The Knox County Board of Education will meet tonight to consider the budget recommended by the superintendent. The superintendent and his staff have reconfigured the budget after the board delayed the vote in the hope of “finding” more money and avoiding cuts to various programs. Having been a member of the board of education once upon a time, I realize board members have no more important responsibility than approving a budget. The board of education has no power to fund its own budget; that is an authority reserved solely for the county commission. Precisely because board has no responsibility to fund its own budget, there is good reason to suspect some board members are much more willing to spend than those who actually have to pay for it.
The original budget recommended by the superintendent contained cuts to various programs, which caused a firestorm from parts of the county where some folks felt they derived a benefit from those programs. Those same folks didn’t seem to much care whether the programs worked well, nor did them seem to be especially concerned if the taxpayers were getting their money’s worth.
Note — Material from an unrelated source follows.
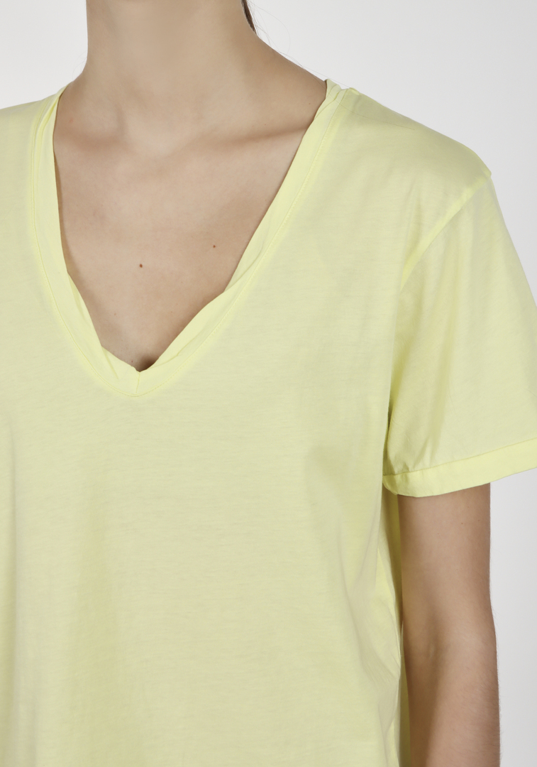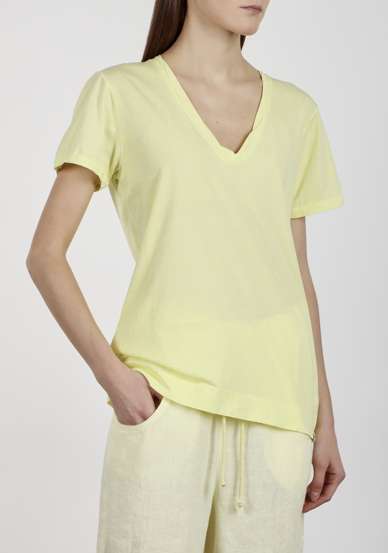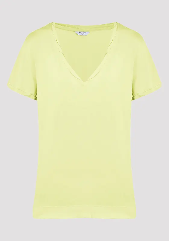 Футболка PENN&INK N.Y, цвет лайм, 100% хлопок. Элегантная модель с глубоким V-образным вырезом и короткими рукавами, выполненная в стиле минимализма. Тонкая фактура ткани придает изделию легкость и комфорт. Стильный крой подчеркивает стройность фигуры, создавая современный и элегантный образ.

That was beside the point. The view taken was one of entitlement. The superintendent was forced to recommend cuts after expenses increased for insurance, the school system’s share of contributing to teacher pensions, and the like. Knox County government always seems to be well aware of such increases, but to listen to some members of the board, they were astonished to think insurance costs were rising. The board members who were astonished coincidently happened to be those members who had routinely voted along with former superintendent Jim McIntyre to overspend the school system’s budget. During the last two years of McIntyre’s reign as superintendent, the school system overspent by $30 million. Now they desperately needed that money and there is a certain class of board member who thinks that whenever they need more money, the county or the State of Tennessee should come to the rescue and “find” more money for them to spend. Currently, the Knox County School system spends roughly $500 million annually; that’s half of a billion dollars.
Voting for cuts certainly can be awfully hard and virtually nobody wants to do it, which is precisely why the federal government continually operates in the red. Some of the Board members would make mighty good congressmen, as there couldn’t possibly be a deficit big enough to suit them. Fortunately, the school system has gotten more money from the state than they originally anticipated, although they’ve received slightly less from the county.
The final budget the superintendent has recommended fills many of the holes in the former budget recommendation. His budget doesn’t give everybody everything, but it is generous and it stresses those areas where programs are working. The taxpayers have a right to expect the biggest return on every tax dollar spent. That attitude and expectation doesn’t harm school children or the parents who support them. Never forget, to some people the best tax is one you derive a direct benefit from, yet don’t pay.
Through a steady habit of appropriating one time money for continuing expenses, increasing the bureaucracy relentlessly throughout McIntyre’s time as superintendent, and a diet of overspending, the school system has finally run its ox into the ditch.
Reasonable budgets, such as the most recent one recommended by the superintendent, will do much to restore confidence in the school system. Board members need to do their job and vote for or against a budget tonight. For those board members who don’t want to take a stand, cut expense or advocate higher taxes, you’re not doing your job. It’s well past time to move forward and approve the superintendent’s budget recommendation.